Let’s do a little stock market temperment quiz. I found this in an a series of articles about Warren Buffett that was published in U. S. News & World Report last summer:

…what if one stock, in particular, had seemed like a sure bet when you bought it last month. The company sells something everyone needs, is well managed, and has a consistent track record of growth—that is, until it missed Wall Street earnings expectations by a penny and got pounded down by 15 percent in a single day.

Would you:

a) Sell it and curse yourself for buying it in the first place?

b) Sit tight and do nothing until you recover your loss, then sell?

c) Smile and buy more, sure that everyone else is dead wrong?

d) Study and reconfirm your assessment of the company, then smile and buy more?

I do very little individual stock picking. That said, I would probably go with “c” or “d” because I don’t usually let the stock market get to me. The author of the article went on to say that if you answered “d” you could possibly work for Warren Buffett’s Berkshire Hathaway.

Whether you buy individual stocks or invest in mutual funds through your company’s 401(k), you have to keep your emotions in check. If you don’t, you’ll find yourself making lots of mistakes.

I know these U. S. News articles are old, but I urge you to give it a read. There’s lots of good stuff there.

8 thoughts on “What Would You Do In This Situation?”

  1. I’ve held Intel (intc) off and on for many years. Especially since the burst of the tech bubble, just as in your example, it misses the (often inflated) press estimates, and the stock is slammed.
    I’ve given up on it.

  2. d) Buy more, of course.
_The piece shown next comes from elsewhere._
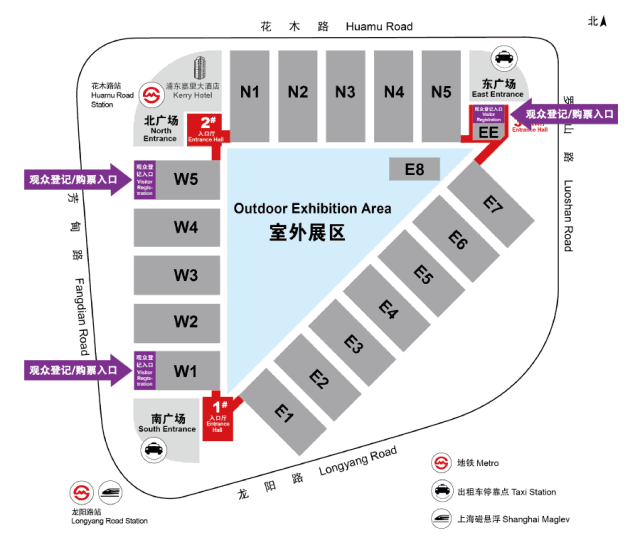 地鐵2號(hào)線:至龍陽(yáng)路站下車(chē),4號(hào)出口可步行至新國(guó)際博覽中心1號(hào)南入口大廳及W1觀眾登記入口。
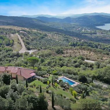 在阿雷佐省的托斯卡纳乡村出售的现代豪华别墅,带有附属建筑和带橄榄树的大土地。 该别墅配备了所有最新一代的舒适设施,并采用创新技术建造,可确保出色的能源效率。该别墅共三层,共740座,设有6间卧室和9间浴室。地下室有两间卧室,内有套间浴室,客厅-饭厅,厨房,柠檬屋,洗衣房,客用浴室,健身房,大型车库和技术室。一楼有三个带用餐区的大客厅,带套间浴室的卧室,两个客用浴室,门廊和两个露台。最后,一楼设有三间带连接浴室的卧室,其中两间设有露台。60平方米的附属建筑位于一层,由带厨房的客厅,走廊,卧室,浴室和小型技术室组成。饰面已通过最小的细节进行了护理,室内地板全部为镶木地板,除了石灰华的厨房和浴室以及石灰华覆盖的浴室外。 暖气在地板下。太阳能电池板系统可以加热卫生水。最先进的空调系统。由于上述特性,建筑物可以归为A4级能源。光伏系统的额定功率为10.8 kW,而产生热水的太阳能电池板则为8.0 kW。在占地5公顷的土地上,有一个4000平方米的花园,花园里种着美丽的观赏植物,配备有灌溉系统,照明设备和12×6 m的无边泳池,在石灰华中铺有大型日光浴室。剩余的土地被一个大橄榄树覆盖,该橄榄树由330棵老树和2700棵新近种植的植物组成,所有植物都配有灌溉系统。年产量约为3,000升特级初榨橄榄油。别墅距离最近的村庄(可提供所有服务)有900 m,也很容易到达托斯卡纳和翁布里亚的许多旅游中心。

If it was a ‘buy’ before, at 15% extra discount surely it is a better buy …. soon.

    Why ‘soon’?

    Because I would do one thing that Warren Buffett can’t do, I’d use the advantage of my (smaller) size to move in only when the ‘big guys’ were buying back in … [even Warren admits that this is an advantage that us ‘little guys’ have over him]. AJC.

  3. if u want advice on picking stocks try MarketGuru.com, its a new financial community that allows members to share their knowledge on the stock market – i found some great advice there…

  4. I hold a few shares and buy more monthly. Therefore I am always happy when the prices drop as it means that I get more for my money. I would certainly worry more about the price if I needed to liquidate them.

  5. These are good points, and I would have to agree with choosing “d”, but only because it’s Buffet we’re talking about. To put it another way, this example is only valid because it is predicated on the investor being Warren Buffet. Because we know Buffet is a solid analyst in the companies he purchases share in, we know that the market has only presented him with an opportunity to buy at a discount.

    How many of us are as good at stock analysis as Buffet?

    BTW, JLP – thanks for the links! I’m always keen to learn more about the oracle 🙂

  6. I second what AJC said. If you thought a stock was a buy at $50, isn’t it much more of a buy at $42.50? Did any of a company’s underlying value really changed just because the market is an emotional wreck 99% of the time? Buy when others are fearful, sell when others are greedy.

  7. there are always swings in earnings, so you have to go back to the fundamentals of why you bought the stock in the first place. however, these decisions shouldn’t be done in reaction to one up or down swing. if the reasons still exist for you to retain the stock then buy more at the now discounted price. if the reasons do not exist, then sell and look elsewhere. part of checking emotions at the door is also to release bad stocks even though you have taken a dive on the stock. the focus should be on the fundamental reasons for owning or selling the stock, not on the price of the stock.

  8. This happened recently with GE. I didn’t have to study or reassess anything because I try to keep up with my investments pretty regularly anyway. I immediately bought more.

    D is good in theory if you already have another temporary investment in mind. Otherwise what are you doing with that money while you’re waiting? And you have to move very fast. Just two weeks after GE dropped substantially, it’s up 5%. Other times I’ve seen large moves after 2 days. Sometimes it takes 2 months. It smacks too much of market timing to me.